In contrast to the above studies that focus on complexity as absolute, system complexity, the chapters by Szmrecsanyi & Kortmann (chapter 5), Peter Trudgill (chapter 7), and Kaius Sinnemäki (chapter 9) look at complexity from an L2 learners' perspective. They thus define complexity as degree of difficulty of acquisition. These studies show that societal variables such as community size, network density and amount of contact may influence a language's structure. Comprehension studies by Ngoni Chipere (see chapter 12) show that there are individual differences within a community in the processing of complex sentences. Surprisingly, these studies show that L2 learners are in fact more accurate than native speakers in such cases. In fact, Chipere's studies do not only challenge the idea of constant linguistic complexity across individuals, but at the same time they make one question the robustness of the Critical Period in the syntactic domain.
Evaluation This book presents papers by leading researchers in the field of linguistic complexity, most of whom have published monographs or edited volumes on the topic before. (See for instance Dahl 2004; Miestamo, Sinnemäki & Karlsson 2008; Trudgill forthcoming.) This edited volume can therefore serve as a first introduction to the issue of language complexity, but also as an update for those who are more familiar with the research. In general, the papers are well-written and although definitions vary widely, they are made explicit in each chapter. In fact, the variety of ways in which linguistic complexity is investigated makes the case against equal complexity across languages much more compelling than any of the individual work would by itself.

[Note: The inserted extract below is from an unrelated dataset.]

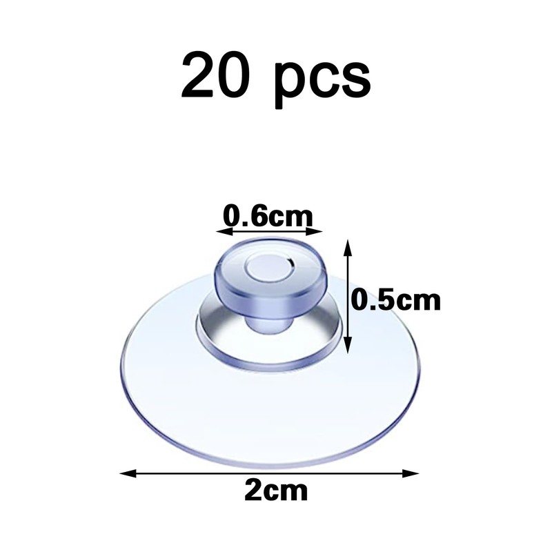 Pack of 20 Plastic Suction Cups, Diameter 20 mm, Transparent Suction Cups, PV...

The question whether linguistic complexity (language) may be a gradual phenomenon also plays a role in sign linguistics. For instance, home sign - communication by deaf children without a conventional language model - displays evidence of linguistic structure (Goldin-Meadow 2003). Moreover, the comparison of different cohorts of a well-documented, young signed language in Nicaragua showed linguistic conventionalisation patterns over just a few decades (Senghas, Kita, & Ozyurek 2004). Recently, so-called village sign languages - young signed languages of relatively isolated, small communities with a high percentage of hearing non-native signers - are receiving more attention in sign linguistics (Meir, Sandler, Padden, & Aronoff in press). The present book, however, contains neither work nor references to research on signed languages. This is a pity, especially because many of these languages' histories can be traced. As such village sign languages would form a perfect testing ground for theories which implicate sociolinguistic factors in the development of language complexity.
Although Sampson et al.'s edited book was published in a series called Studies on the Evolution of Language, and the book title makes reference to evolution, there are virtually no remarks on what makes language change like Darwinian evolution, or how the data presented in this book would contribute to research on the emergence and evolution of language. I feel this is a missed opportunity. The idea of varying complexity has far-reaching consequences for biologists or geneticists interested in the phenomenon of the emergence and evolution of language in our species. It changes our view on what the human linguistic phenotype really looks like. In fact, it may well be that the tremendous flexibility of what languages can be like makes human communication unique.
Dahl, Ö. (2004). The growth and maintenance of linguistic complexity. Amsterdam: Benjamins.
Goldin-Meadow, S. (2003). The resilience of language. What gesture creation in deaf children can tell us about how all children learn language. New York, NY: Psychology Press.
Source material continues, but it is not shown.